The authors considered end points besides cardiac death, namely nonfatal myocardial infarction and late revascularization. These end points, which accounted for the vast majority of events, are clinically relevant, but likely suffer from ascertainment bias. Myocardial infarction was not adjudicated by a core laboratory, as is commonly done in clinical trials. Interpretations of electrocardiograms for diagnosis of myocardial infarction can be seriously biased when readers are aware of other clinical data (24). This is not just of academic interest, as it has been shown that electrocardiograms of patients with suspected acute coronary events are more predictive of subsequent events when evaluated by a core laboratory as opposed to local investigators (25). Similarly, it is quite plausible that performance of late revascularization is in some way influenced by clinicians’ knowledge of prior stress echocardiogram results. The most objective and probably least biased end point the investigators considered was cardiac death, which itself can suffer from significant ascertainment biases (26). Nevertheless, it is noteworthy that even in the cohort of patients of McCully et al. (10) with their definition of a good exercise capacity, failure of the left ventricular end-systolic size to decrease was associated with a cardiac death rate of only 1.1% per year.

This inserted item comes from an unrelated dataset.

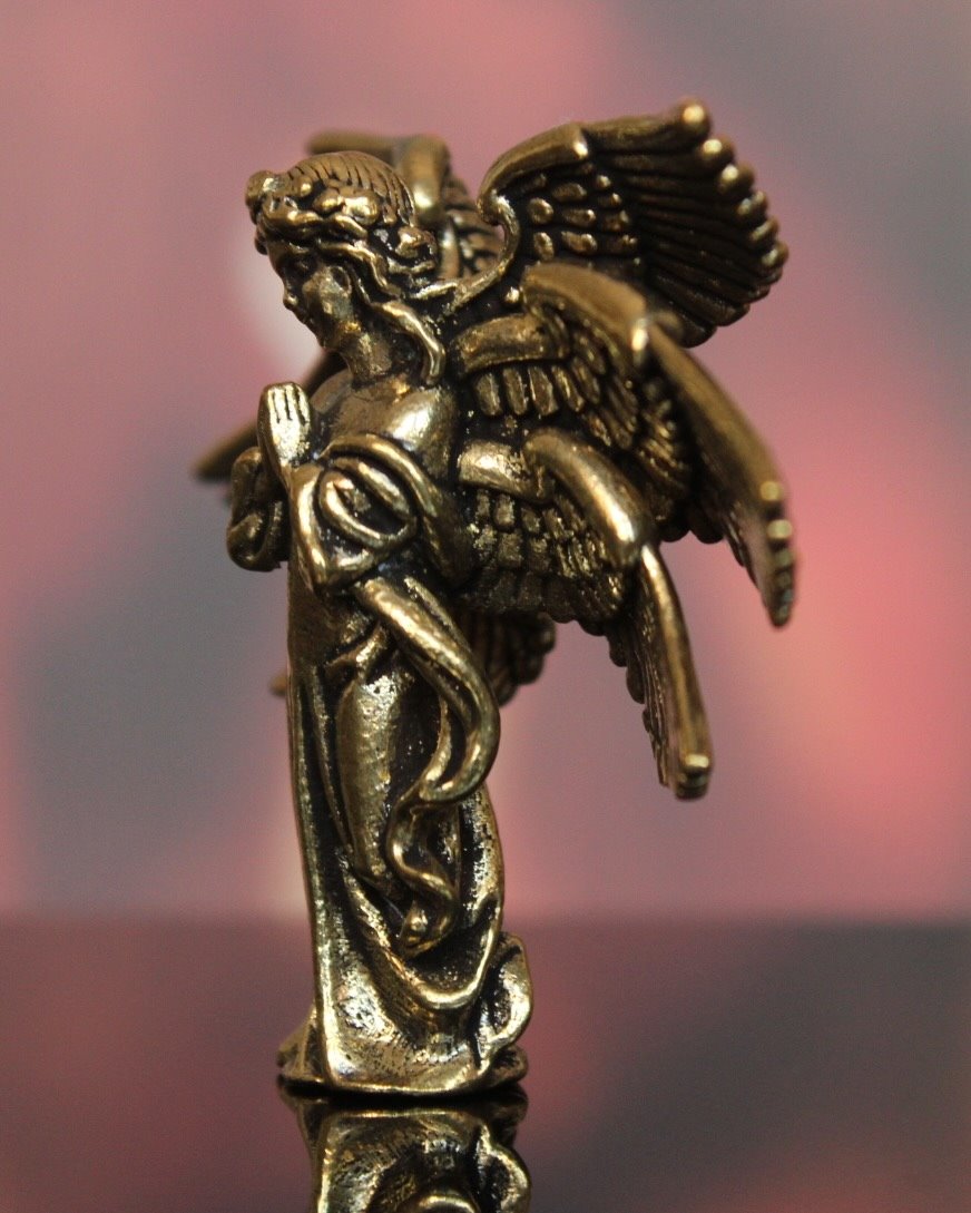 Figurka jest wykonana z mosiądzu.

The analyses by McCully et al. (10) provide evidence that careful, sophisticated interpretation of exercise echocardiograms can provide additional independent prognostic information over and above other clinical variables. Clinicians should realize, however, that sophisticated interpretation of the exercise stress test makes it an enormously powerful prognostic tool. Exercise capacity as a function of age and gender, chronotropic response and heart rate recovery should be routinely measured and considered. Among patients without a revascularization history, these measurements alone can identify a very large subset for whom conservative management and reassurance is appropriate. The real strength of imaging is found when it is performed in patients deemed to be at increased risk after clinical evaluation and after a carefully performed and interpreted exercise test.

	Footnotes

 
Dr. Lauer is supported by the National Heart, Lung and Blood Association (grant HL66004-01).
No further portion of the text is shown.